Hubo otros malentendidos, pero esta vez los estadounidenses tuvieron suerte. El “Dakota del Sur” resultó gravemente afectado. Pero “Washington” fue reconocido demasiado tarde por los japoneses como para poder eliminar a “Kirishima”. Después de perder su segundo acorazado, Kondo abandonó la batalla. Durante el día, los aviones estadounidenses habían diezmado los transportes de tropas en marcha. Sólo con dificultad cuatro de los once despegues llegaron a Guadalcanal, donde encallaron en la playa.

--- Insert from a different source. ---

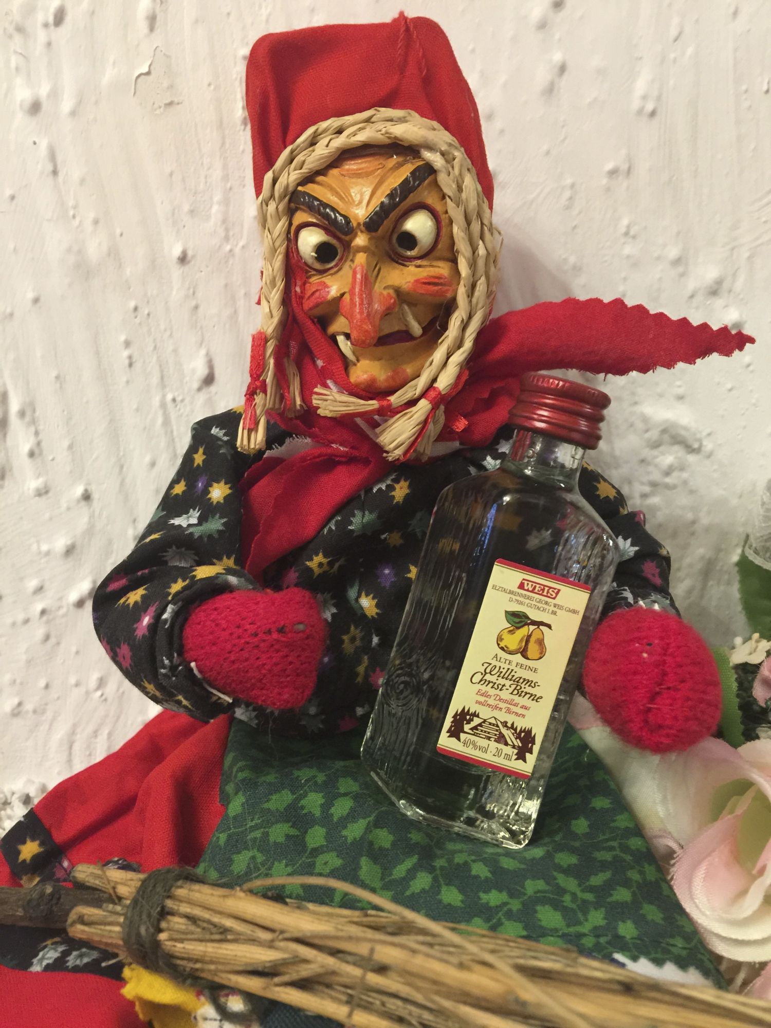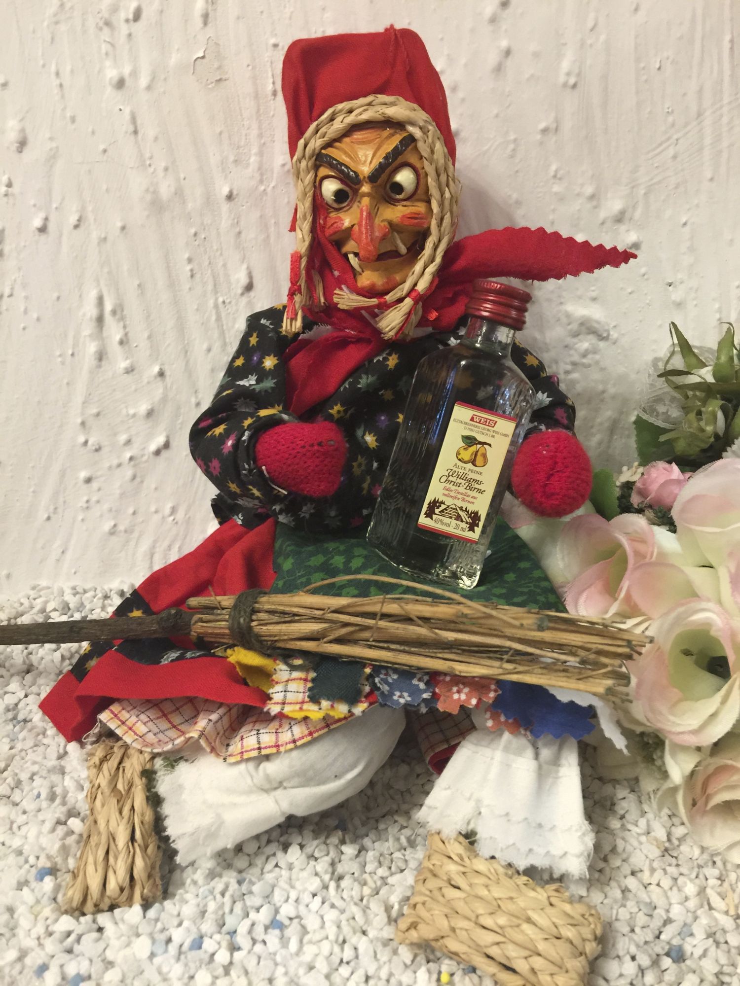 Die freche Hexe hat ein kleines rustikales Schnäpsle dabei.

Los soldados lograron aterrizar, pero los aviones estadounidenses lograron impedir en gran medida la descarga del material.

La llamada batalla naval de Guadalcanal finalizó el 15 de noviembre con una victoria estratégica para los estadounidenses. Henderson Field permaneció intacto y posteriormente pudo ser reforzado con nuevas tropas, mientras que los japoneses difícilmente pudieron reponer su ejército ahora ampliado en la jungla. El hambre, el cansancio y las enfermedades diezmaron a las tropas. Los intentos de utilizar submarinos y destructores para pasar al menos lo necesario más allá de las barreras estadounidenses resultaron ineficaces.

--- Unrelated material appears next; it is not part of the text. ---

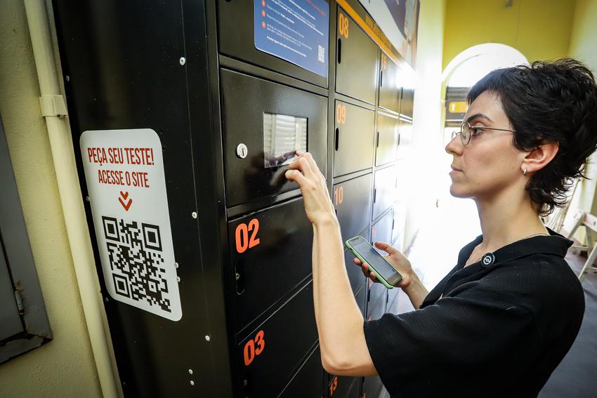 Porto Alegre, RS, 08/12/2025 Programa A Hora é Agora. Armário para retirada de kit com autoteste e orientações, localizado no interior do Mercado Público (entrada da Praça Parobé quase na esquina com Júlio de Castilhos). Foto: Cristine Rochol/PMPA

La noche del 30 de noviembre, la flota japonesa logró hundir otro crucero estadounidense cerca de Tassafaronga y dañar gravemente a otros dos. Pero eso no cambió el hecho de que no había recursos suficientes para una ofensiva terrestre exitosa en Guadalcanal. Aunque los líderes del ejército querían continuar la lucha, el emperador Hirohito aceptó la propuesta de la marina de evacuar a los aproximadamente 11.000 soldados supervivientes y no sacrificarlos en ataques suicidas, como luego se convirtió en una práctica común. La retirada de los destructores se logró a finales de enero de 1943, sin que la inteligencia estadounidense lo reconociera.

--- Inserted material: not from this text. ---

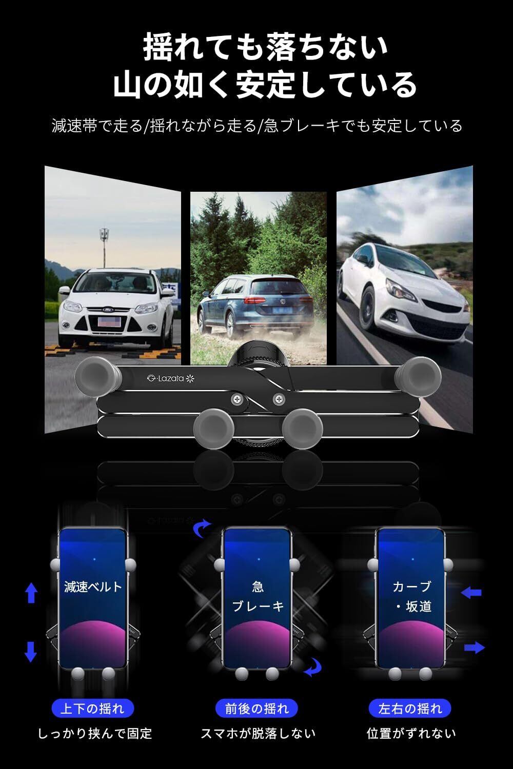 ➤【安定性抜群】重力連動原理に基づき、スマホの重力を感応してアームが自動開閉してしっかりとスマホを挟んで固定します。7点固定構造で、任意の3点で多くの三角形になり、安定性がバッチリなスマートフォン用車載ホルダーです。落下防止できでこぼこの路面により振動されでも落ちません 。角構造、安定感たっぷり。スマホホルダーは重力連動原理を採用、スマホの重力を利用して、スマホをスタンドに置くと自動に挟めます、自動ロック/オーペンできます。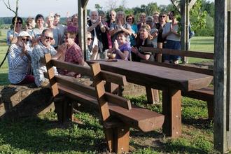 Haselburg – Die römische Ausgrabungsstätte Villa Rustica Haselburg freut sich über eine besondere Spende: Unter der Weinlaube des Geländes steht nun eine neue robuste Sitzgruppe, bestehend aus einem Tisch und zwei Bänken. Finanziert wurde sie durch die Teilnehmerinnen und Teilnehmer der QiGong-Gruppe, die im Sommer einmal pro Woche unter der Anleitung von Übungsleiterin Beate Volk an der Haselburg trainiert.

La victoria en una de las batallas más largas de la Segunda Guerra Mundial aseguró los vínculos aliados con Australia y el muy disputado frente de Nueva Guinea. Sobre todo, los estadounidenses habían demostrado su capacidad para hacer frente a las tropas japonesas, que estaban acostumbradas a ganar, en batallas en la jungla.

Ya estaba trabajando en su doctorado en historia. Bertoldo Seewald con puentes entre el mundo antiguo y los tiempos modernos. Como editor del WELT, la historia militar formaba parte de su área de trabajo.